Increased Levels of serum Pentraxin 3 in Critical Coronavirus Disease-2019 Patients

Zahra Moulana 1,2, Mojgan Bagherzadeh 1, Mohammad Mirzakhani 1, Ali Rostami 1,2, Mousa Mohammadnia-Afrouzi 1,2,, Mehdi Shahbazi 1,
PMCID: PMC8248285  PMID: 34212320

Abstract

Pentraxin 3 (PTX3) and ficolin are the plasma phase of pattern recognition receptors (PRRs) and can activate complement through classical and lectin pathways, respectively, which may contribute to disease severity. This study aimed to investigate the association between PTX3 and ficolin with disease severity in patients with coronavirus disease-2019 (COVID-19). Seventy-three COVID-19 patients and 25 healthy controls were enrolled in this study. The participants were divided into three groups as follows: 14 patients as the intensive care unit (ICU) group, 59 patients as the non-ICU group, and 25 subjects as the healthy control group. The serum levels of PTX3 and ficolin were measured by enzyme-linked immunosorbent assay (ELISA) kits. Patients in ICU and non-ICU groups had significantly higher levels of PTX3 compared to the healthy control group (p = 0.0002 and p = 0.0072, respectively). Patients in the ICU group also had an increased amount of PTX3 (1957 ± 1769 pg/ml) compared to non-ICU patients (1220 ± 1784 pg/ml). However, this difference was not significant. On the other hand, serum levels of ficolin were not different among the three groups. PTX3, as an acute phase protein, may contribute to disease severity. Its probable inflammatory role could result from the high activation of the complement system. On the other hand, it could be suggested that ficolin has no crucial role in the disease severity of COVID-19 patients.

Keywords: Pentraxin 3, Ficolin, COVID-19, Pattern recognition receptors, Coronavirus

Introduction

New coronavirus disease-19 (COVID-19), caused by severe acute respiratory syndrome coronavirus 2 (SARS-CoV-2), is associated with respiratory illnesses varying from mild to life-threatening acute respiratory distress syndrome (ARDS). Several common symptoms, including dry cough, fever, fatigue, dyspnea, myalgia, and shortness of breath, are observed in the COVID-19 patients. Innate immunity, as the first line of defense, protects the body from the pathogens and activates the adaptive immune system through cytokines’ production (Gholipour et al. 2020; Merad and Martin 2020; Taefehshokr et al. 2020; Yousefi et al. 2021).

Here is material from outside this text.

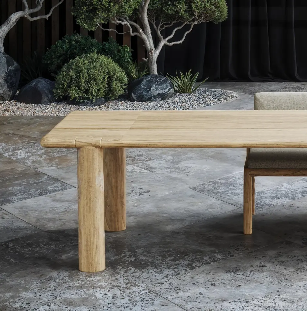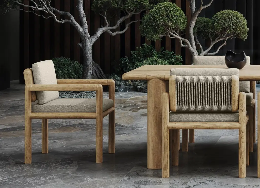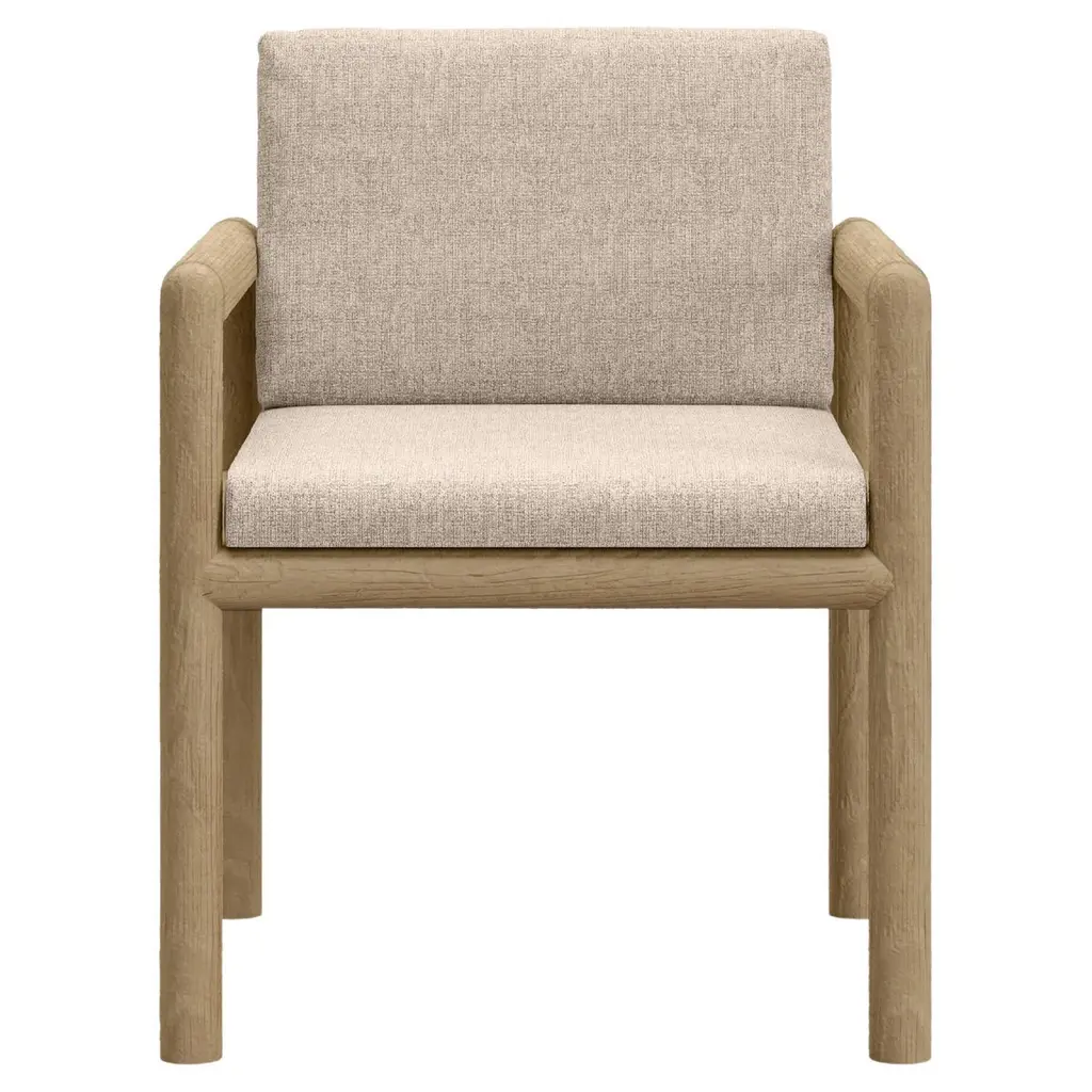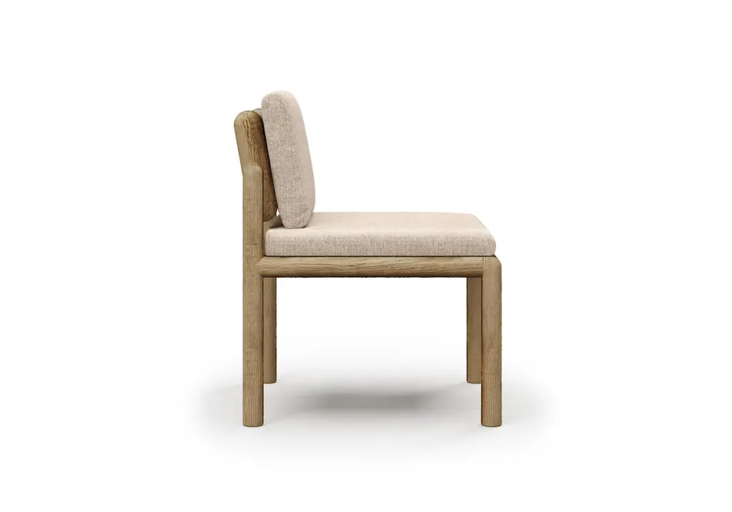 Caleo-Natural Teak Wood Frame, Rope And Ethereal Fabric Dining Chair by SNOCDimensions: D 66 x W 62 x H 76 cm. SH: 48 cm.Materials: Teak wood, rope, and Ethereal fabric. The Caleo Collection embodies understated luxury, blending contemporary form with timeless materials. Designed for both outdoor settings, this modular lounge series prioritizes comfort and adaptability, offering sleek, minimalist lines that define the space while providing unmatched flexibility. Crafted with a refined Ash and Natural Teak wood frame, the collection’s modularity invites creative configurations, allowing each piece to seamlessly adapt to different environments. Upholstered in soft, durable fabrics, the seating offers a tactile warmth that contrasts beautifully with the solid structure, making it a perfect blend of softness and strength.SnocSince their foundation in 2004, SNOC’s history has been interwoven with that of international design. Each chapter written with care, each product reflecting its passion. The company understands that a real story exists behind each object and behind that story, a real person desiring something more. Their ever-developing methodology focuses on defining the core of a brand and utilizing those characteristics to help nurture its soul, aiding in forging real connections. This approach , results in their unique “work in progress” style: original, versatile solutions that in their signature blend of sound, vision and design best-suit every environment and situation, arousing a range of emotions on a daily basis as well as standing the test of time.Driven by functional research, an inclusive project and product culture, and deep care for the environment, we exist as the timeless yet present essence of outdoor furniture design elevating private and public space a like with thoughtfully presented, endlessly adaptive creations.
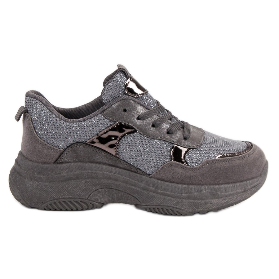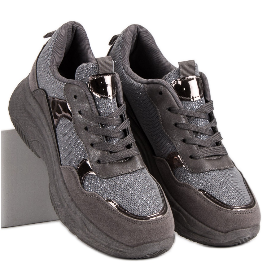 Entdecken Sie graue, glitzernde Plateau-Sneaker, die zu einem unverzichtbaren Bestandteil Ihrer Garderobe werden! Diese einzigartigen Damen-Sneaker aus ökologischem Lackleder vereinen Eleganz und Komfort. Mit einer 5-Zentimeter-Plattform, einer schlanken Form und Leichtigkeit sind sie eine ausgezeichnete Wahl sowohl für den täglichen Gebrauch als auch für Wochenendausflüge in die Berge oder entspannte Spaziergänge im Park.

Innate immunity through pattern recognition receptors (PRRs) recognizes the conserved pattern of microorganisms, such as lipid A portion of lipopolysaccharide (LPS), known as pathogen-associated molecular patterns (PAMPs) (Taefehshokr et al. 2020). Pentraxins belong to the soluble components of PRRs. Pentraxin family consists of short and long pentraxins, which activates the classical pathway of complement. C-reactive protein (CRP) and serum amyloid P (SAP) are short pentraxin subfamily, while pentraxin 3 (PTX3) is a long one (Staubli et al. 2019; Vilahur and Badimon 2015). Ficolin is another family of soluble components of PRRs, which binds to the pathogens and activates the lectin pathway of complement (Garred et al. 2016). Myeloid cells, particularly dendritic cells (DCs), are the main sources of PTX3 among immune cells (Balhara et al. 2013). However, the neutrophils appear to be a main source and reservoir of ficolin, especially ficolin-1 (Garred et al. 2010).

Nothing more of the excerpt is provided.